Le prince André baissa la tête en signe d’assentiment. Il avait compris non seulement ce qui lui avait été dit, mais aussi ce qu’on lui avait donné à entendre et, saluant les deux généraux, il sortit lentement.

Il y avait peu de temps que le prince André avait quitté la Russie, et cependant il était bien changé. Cette affectation de nonchalance et d’ennui, qui lui était habituelle, avait complètement disparu de toute sa personne ; il semblait ne plus avoir le loisir de songer à l’impression qu’il produisait sur les autres, étant occupé d’intérêts réels autrement graves. Satisfait de lui-même et de son entourage, il n’en était que plus gai et plus bienveillant. Koutouzow, qu’il avait rejoint en Pologne, l’avait accueilli à bras ouverts, en lui promettant de ne pas l’oublier : aussi l’avait-il distingué de ses autres aides de camp, en l’emmenant à Vienne et en lui confiant des missions plus sérieuses. Il avait même adressé à son ancien camarade, le vieux prince Bolkonsky, les lignes suivantes :

« Votre fils deviendra, je le crois et je l’espère, un officier de mérite, par sa fermeté et le soin qu’il met à accomplir strictement ses devoirs. Je suis heureux de l’avoir auprès de moi. »
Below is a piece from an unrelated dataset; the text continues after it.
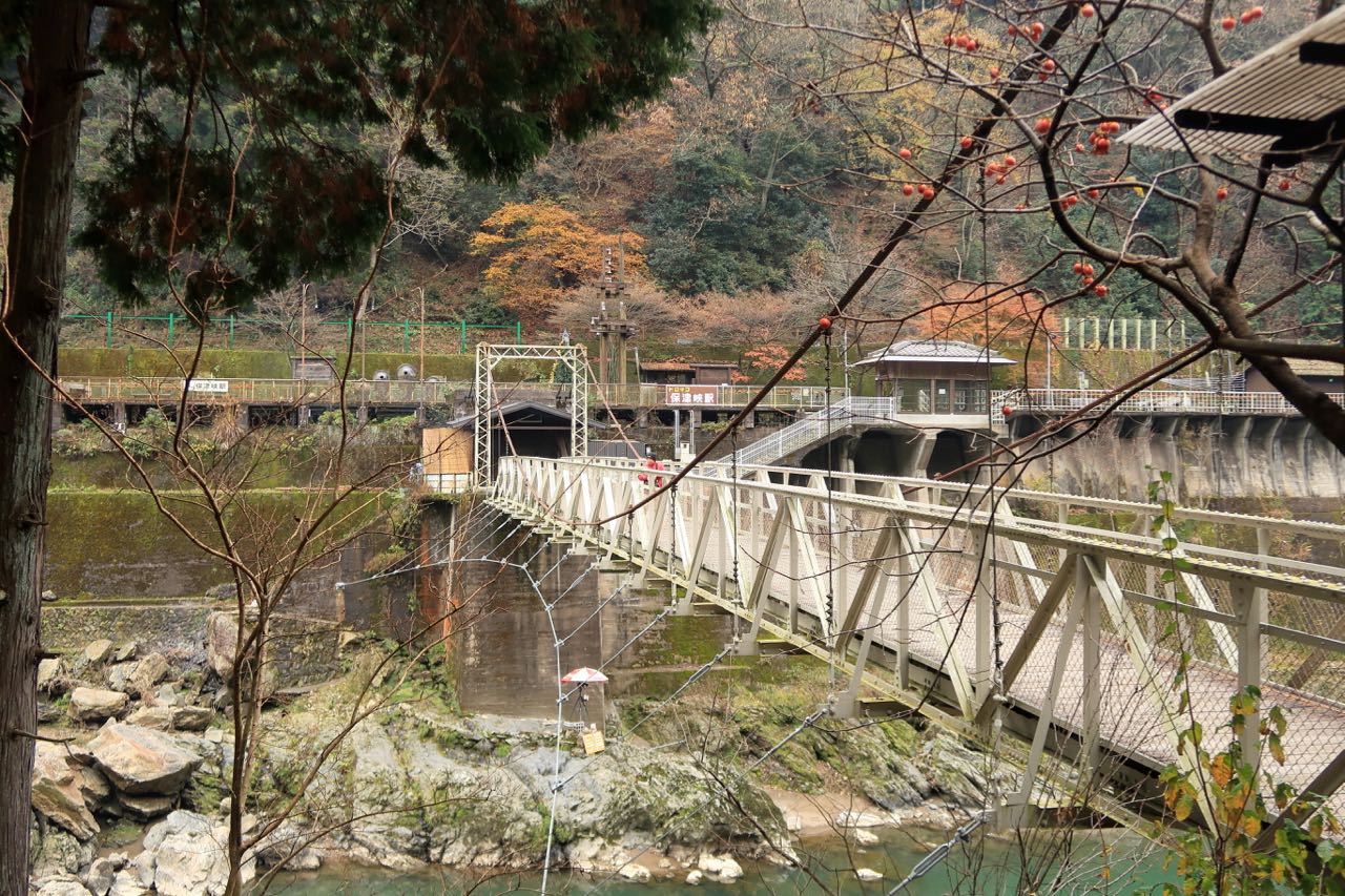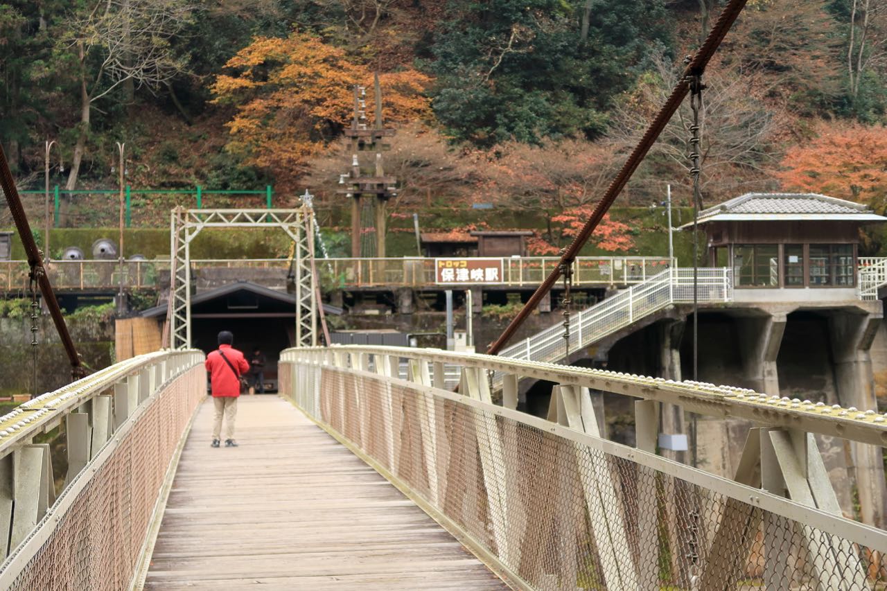 トロッコ保津峡駅まで戻ってきた。うっ…苦手な吊橋だ…。 ^^;

Parmi les officiers de l’état-major et parmi ceux de l’armée, le prince André s’était fait, comme jadis à Pétersbourg, deux réputations tout à fait différentes. Les uns, la minorité, reconnaissant en lui une personnalité hors ligne et capable de grandes choses, l’exaltaient, l’écoutaient et l’imitaient : aussi ses rapports avec ceux-là étaient-ils naturels et faciles ; les autres, la majorité, ne l’aimant pas, le traitaient d’orgueilleux, d’homme froid et désagréable : avec ceux-là il avait su se poser de façon à se faire craindre et respecter. En sortant du cabinet, le prince André s’approcha de son camarade Kozlovsky, l’aide de camp de service, qui était assis près d’une fenêtre, un livre à la main :

« Qu’a dit le prince ? demanda ce dernier.

— Il a ordonné de composer un mémorandum explicatif sur notre inaction.

— Pourquoi ? »

Le prince André haussa les épaules.

« A-t-on des nouvelles de Mack ?

— Non.

— Si la nouvelle de sa défaite était vraie, nous l’aurions déjà reçue.